| ENTRIES SHOWN |
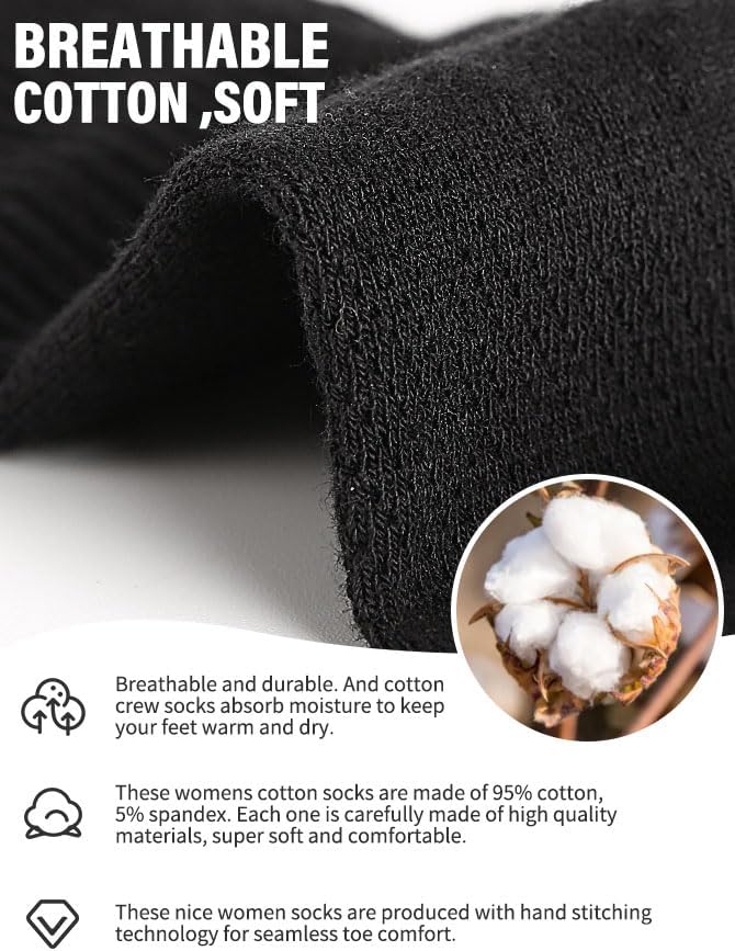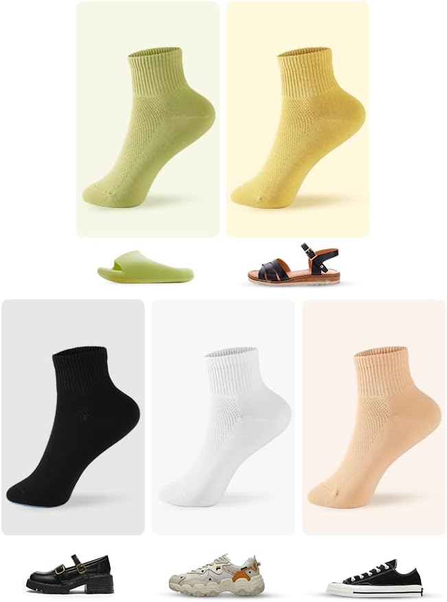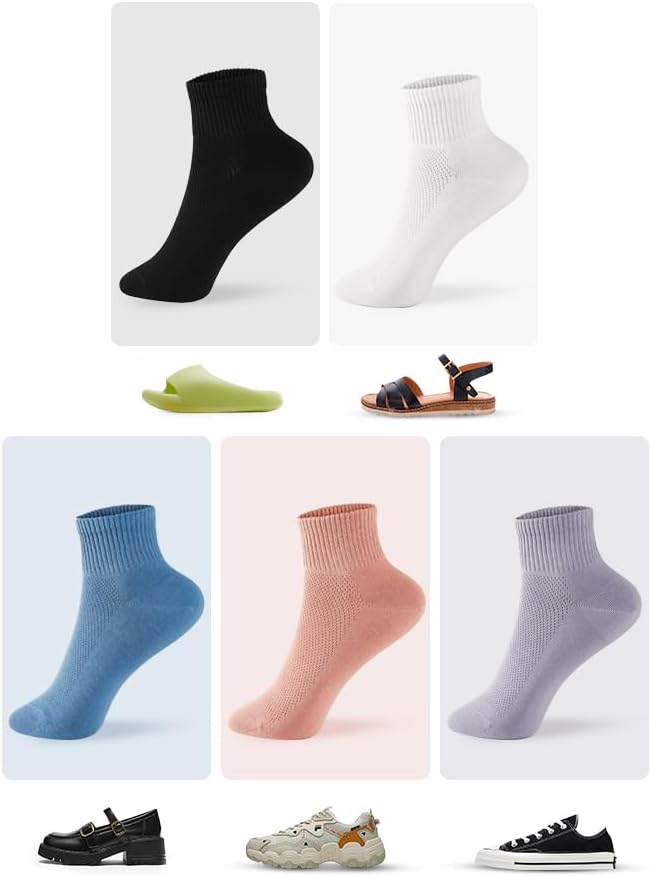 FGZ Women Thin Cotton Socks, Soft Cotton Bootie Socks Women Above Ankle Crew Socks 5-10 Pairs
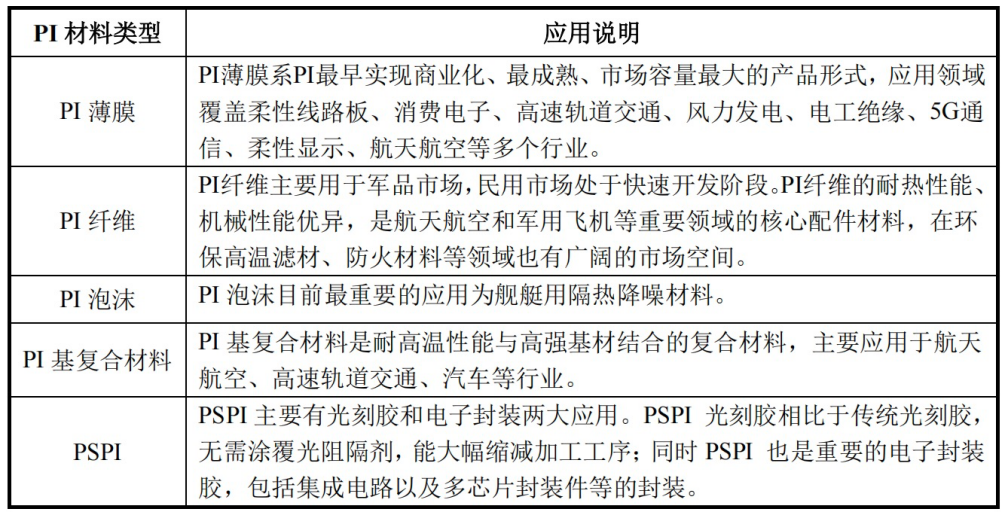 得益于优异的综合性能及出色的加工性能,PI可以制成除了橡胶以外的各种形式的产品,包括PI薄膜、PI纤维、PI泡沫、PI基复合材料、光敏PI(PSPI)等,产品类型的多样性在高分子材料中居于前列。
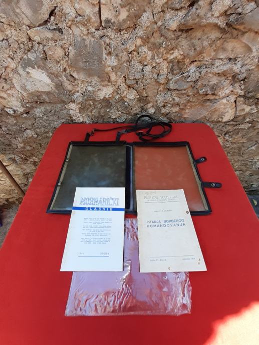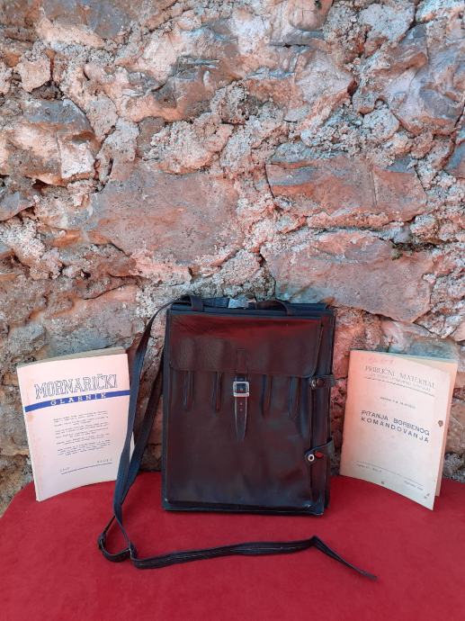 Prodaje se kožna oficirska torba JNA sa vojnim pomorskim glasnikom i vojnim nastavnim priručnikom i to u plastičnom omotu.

--

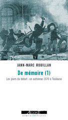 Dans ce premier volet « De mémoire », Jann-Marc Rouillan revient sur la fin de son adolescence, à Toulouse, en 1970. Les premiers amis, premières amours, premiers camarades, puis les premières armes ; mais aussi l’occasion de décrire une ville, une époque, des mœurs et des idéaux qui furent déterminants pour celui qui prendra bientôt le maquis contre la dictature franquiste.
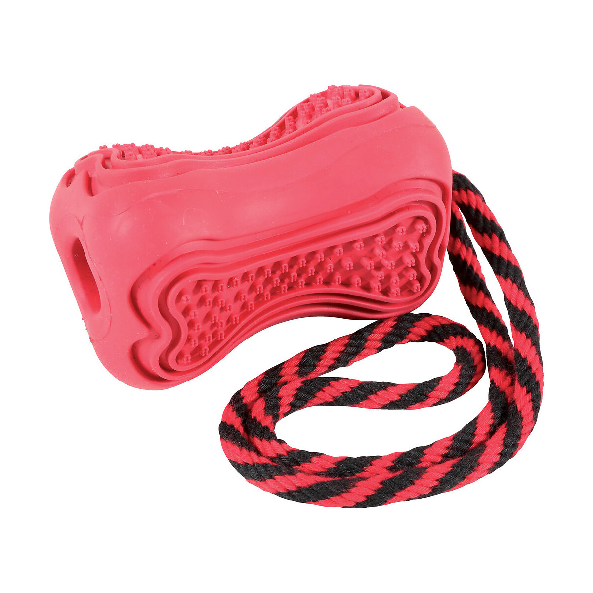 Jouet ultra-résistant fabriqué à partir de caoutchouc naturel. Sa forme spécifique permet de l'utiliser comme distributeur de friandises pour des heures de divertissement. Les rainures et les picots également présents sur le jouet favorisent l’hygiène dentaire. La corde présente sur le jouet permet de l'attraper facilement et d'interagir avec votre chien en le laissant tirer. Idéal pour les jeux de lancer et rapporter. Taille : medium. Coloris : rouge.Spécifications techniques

| ASSIGNED TASK |
Beginning at the line above that contains "FGZ Women Thin", repeat each line exactly through the one that contains "Prodaje se kožna", and leave out the pictures.

| YOUR RESPONSE |
 FGZ Women Thin Cotton Socks, Soft Cotton Bootie Socks Women Above Ankle Crew Socks 5-10 Pairs
 得益于优异的综合性能及出色的加工性能,PI可以制成除了橡胶以外的各种形式的产品,包括PI薄膜、PI纤维、PI泡沫、PI基复合材料、光敏PI(PSPI)等,产品类型的多样性在高分子材料中居于前列。
 Prodaje se kožna oficirska torba JNA sa vojnim pomorskim glasnikom i vojnim nastavnim priručnikom i to u plastičnom omotu.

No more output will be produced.